Qingqing Zhao, Yunfei Long, Chu-Ren Huang

The Negation Marker mei in Northeastern Mandarin

Negation in Mandarin is a field that has been substantially studied, but researches on the negation of dialects are relatively lacking. This article conducts an analysis into the negation marker mei in Northeastern Mandarin and finds three different types of mei, including mei1, a verbal negator complementary to bu, mei2, an unaccusative intransitive verb which is characteristic in this dialect but has rarely been mentioned in previous researches, and mei3, a telic and static aspectual negator which involves a tone sandhi pattern. The tone sandhi of mei3 in Northeastern Mandarin has something to do with the 4-tone-transformation in Mandarin and can be extended to other negators and even some numerals.

Minglong Wei

Resource Construction and Distribution Analysis of Internal Structure of Modern Chinese Double-Syllable Verb

In this paper, we analyze the necessity of the construction of internal structure resources of verbs from the perspectives of linguistics and NLP application. We also introduce the method and process of the internal structure annotation of double-syllable verbs in Modern Chinese Dictionary (7th Edition). A total of 9697 double-syllable verbs are annotated. From the results of the annotation, it is found that there are 61.19% of words with a character inside the word as the center of the verb. Among them, the words with verb-object structure is the most (64.5%), followed by the adverbial-head structure (27.77%). This paper can provide basic resources for syntactic and semantic analysis so as to realize the unified analysis of lexicon and syntax.

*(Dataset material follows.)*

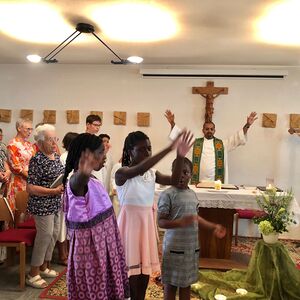 Die Einladung zu Kommen von Pfarrer Shinto freute uns sehr. Nachdem wir einmal wegen Schlechtwetter absagen mussten, gelang es diesmal sogar sehr spontan. Wir, das sind die Kinder, Jugendlichen und Sozialpädagog/innen der Sozialtherapeutischen Wohngemeinschaft Pronegg aus Kotezicken im Südburgenland. Eine lange Freundschaft verbindet uns mit Pfarrer Shinto. Unsere Ministranten (auch in Kotezicken) waren sofort dabei zu ministrieren und kurz vorher abgesprochen gestalteten wir den Gottesdienst mit. Ratsvikarin Christa spielte mit der Gitarre „Gottes Liebe ist so wunderbar....“ , dieses Lied begleitete unsere Kinder auch durch die Corona-Zeit. Die Predigt von Pfarrer Shinto war passend, denn wir haben einen großen Garten und die Kinder helfen beim Pflegen fleißig mit. Nach dem Gottesdienst tobten sich die Kinder ein wenig aus, bis Mittagessen kam. Danke der Pfarre Kobersdorf für die nett angerichteten Tische und Getränke, sowie für Kuchen und Kekse. Danach ging es zum Naturbadeteich! Die Abkühlung tat allen gut und als Abschluss gingen wir mit Pfarrer Shinto noch auf ein Eis!

Guirong Wang, Gaoqi Rao, Endong Xun

Gradability, Subjectivity and the Semantics of the Adjectival zhen ‘real’ and jia ‘fake’ in Mandarin

In this paper, we provide an empirical description and a theoretical analysis of the adjectival zhen ‘real’ and jia ‘fake’ in Mandarin Chinese. The two adjectives manifest resistance to degree modifiers, and thus have been traditionally treated as non-gradable adjectives. Empirical evidence, however, shows that they can actually fuse both degree intensification and expressive meanings together. Based on their semantic behaviors, we follow recent advances in multidimensional semantics to propose that zhen and jia are mixed items with bi-dimensional semantics, i.e., the judge of truth-value as the descriptive meaning, and the degree of similarity/deviation between the facts and the subjective expectations as the expressive meaning.

Fan Liu, Qiongpeng Luo

The Repetition of Chinese Onomatopoeia

The boundary between the reduplication and the repetition of Chinese onomatopoeic forms is relatively vague, which brings some problems to Chinese information processing and Chinese teaching. Based on language practice, we focus on the repetition of modern Chinese onomatopoeia, and consider it a rhetorical device to emphasize repetitive sounds or rhythms. The resulting language forms should be regarded as onomatopoeic phrases, in which pauses can be inserted freely. We summarize some typical features of the repetition of onomatopoeia, and briefly introduce relevant punctuation marks, which can be used to express pauses. In addition, we agree that there is a subtle relationship between the reduplication and the repetition of onomatopoeia in syntax, semanteme and other aspects. In essence, they are both the imitation of repetitive sounds.

Mengzhen Xu

A Degree-Based Analysis of ‘V+A+le2’ Construction

This paper examines both the result-realization and the result-deviation interpretations of ‘V+A+le2’ construction under the framework of degree semantics. It is argued that the ‘V+A+le2’ construction is a comparative construction and that different interpretations arise because different standards of comparation are adopted. Result-realization interpretations are seen in all instances of the construction while result-deviation interpretations can be found only in instances with open-scale adjectives. The syntactic structure determines whether the ‘A’ encodes a measure function or the ‘V+A’ encodes a measure of change function in the ‘V+A+le2’ comparative construction.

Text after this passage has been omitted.